Risma Minta Sekolah Tingkatkan Pengawasan Siswa

Wali Kota Surabaya

RADAR MALANG ONLINE – Teror bom di Surabaya pada Minggu (13/5) lalu melibatkan anak-anak. Sejatinya mereka hanya korban dari paham yang dianut orang tuanya. Kondisi itupun mengundang perhatian dari berbagai pihak.

Wali Kota Surabaya Tri Rismaharini mengatakan, pihak sekolah wajib meningkatkan kewaspadaan terhadap anak didiknya. Kepala sekolah harus peka terhadap tingkah dan perubahan sikap siswa.

“Jika ada tanda-tanda aneh atau mencurigakan pada siswa, segera laporkan ke dinas,” kata Risma saat memberi arahan kepada seluruh kepala SD dan SMP se-Surabaya di Convention Hall, Jalan Arief Rahman Hakim, Surabaya Rabu (16/5).

Dinas Pendidikan Kota Surabaya siap menangani jika ada siswa yang trauma atas pemberitaan teror bom. “Dinas akan menugaskan para psikolog atau psikiater untuk memberikan pendampingan,” tegas Risma.



Di tempat sama, Kepala Dinas Pendidikan Surabaya Ikhsan menambahkan, pihaknya sudah bekerja sama dengan sejumlah instansi terkait.

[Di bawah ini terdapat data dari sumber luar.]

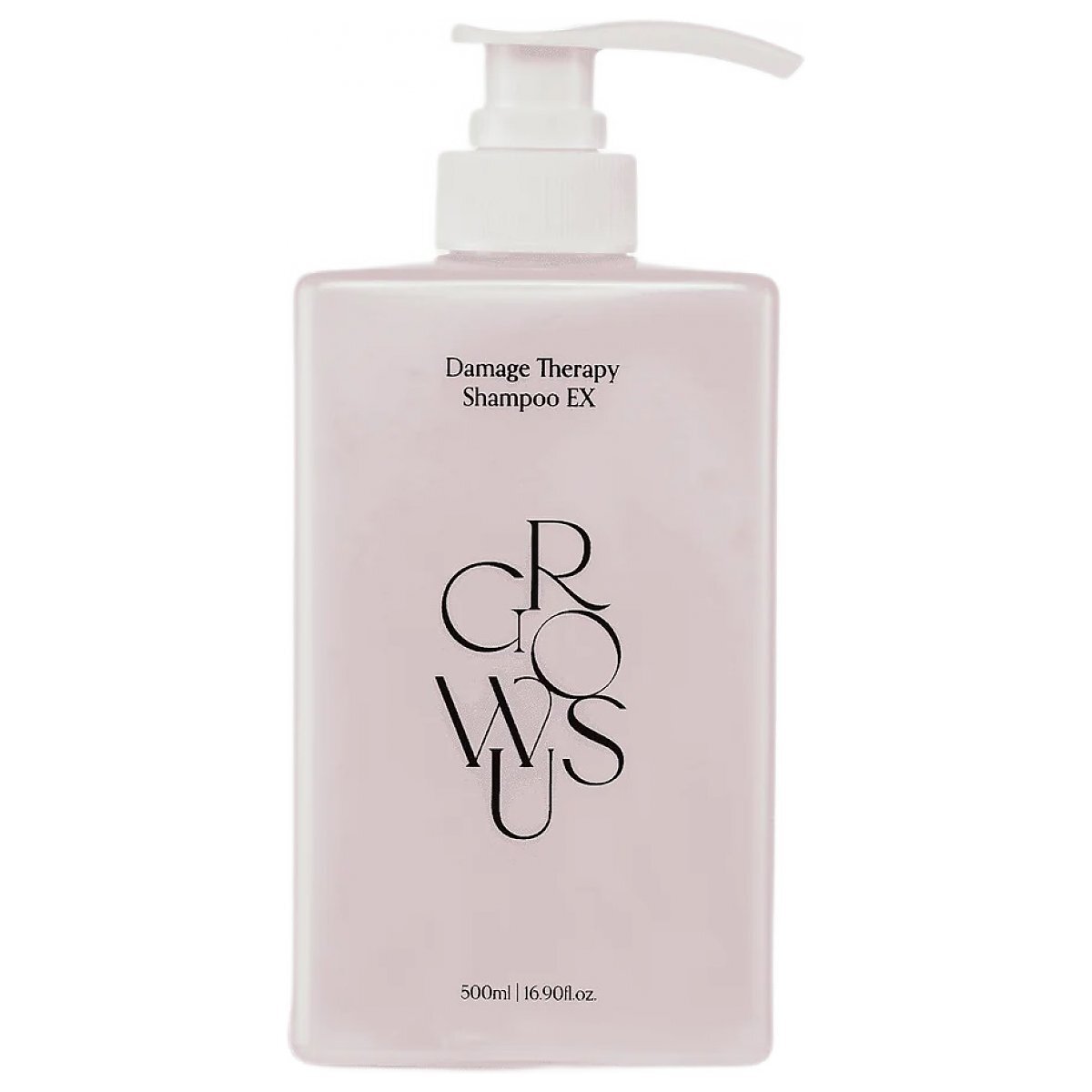 GROWUS Damage Therapy Shampoo EX - luksusowy szampon, który intensywnie oczyszcza, odbudowuje i wzmacnia zniszczone włosy o wysokiej porowatości. Jego gęsta, kremowa konsystencja delikatnie usuwa zanieczyszczenia dzięki roślinnym surfaktantom, bezpiecznym nawet dla wrażliwej skóry głowy, jednocześnie nasycając pasma składnikami odżywczymi i nadając im jedwabisty, zdrowy wygląd. Dogłębnie oczyszcza i odżywia włosy oraz skórę głowy. Odbudowuje osłabione włókna włosów i wzmacnia strukturę. Zatrzymuje wilgoć we włosach i chroni przed uszkodzeniami środowiskowymi oraz cieplnymi. Redukuje puszenie i rozdwajanie się końcówek, pozostawiając włosy miękkie, lśniące i sprężyste.

Utamanya dalam memberikan pendampingan kepada anak korban bom yang masih dirawat di sejumlah rumah sakit.

“Kami sudah berkoordinasi dengan organisasi perangkat daerah (OPD). Antara lain Dinas Kesehatan Surabaya dan Dinas Pengendalian Penduduk, Pemberdayaan Perempuan dan Perlindungan Anak (DP5A),” sambung Ikhsan.

Selanjutnya untuk program pembinaan siswa, pihak sekolah bebas menentukan. Dapat berupa program sekolah atau pendampingan bagi murid. Sekolah juga dapat menyinkronkan program sekolah dengan melibatkan orang tua siswa.

“Kalau di luar kelas, dapat dilakukan melalui pendekatan dari hati ke hati. Misalnya program keluarga. “Sinkronkan program-program sekolah juga,” ujar Ikhsan.

Sementra itu, Kepala SMPN 1 Surabaya Titik menyatakan bahwa pihaknya sudah melakukan pembinaan. Hal itu dilakukan sebagai upaya pencegahan dampak paham radikal dan kekerasan terhadap siswa.

Salah satunya, sekolah menggelar kompetisi karya tulis atau literasi. Temanya tentang kebhinnekaan. Hasil karyanya akan disetor siswa saat penilaian akhir semester.

“Karya tulis itu bagian dari implementasi program pendidikan karakter (PPK) di sekolah kami. Antara lain mencakup aspel religius, mandiri, nasionalis, gotog royong dan integritas,” papar Titik.

Lalu Kepala SDN Putat Gede I Sudjono mengungkapkan, pihaknya tidak menginstruksikan pembinaan atau pembelajaran khusus untuk siswa. Namun selama liburan sekolah, pihaknya terus melakukan komunikasi dengan wali murid.

Tujuannya melakukan pendampingan untuk anak. Sehingga tidak terlalu terpengaruh dengan aksi teror bom dan pemberitaan tentang sejumlah penangkapan sejumlah terduga teroris di Surabaya. “Terutama saat siswa melihat share foto-foto dan tayangan korban bom yang justru membuat siswa takut dan trauma,” ucap Sudjono.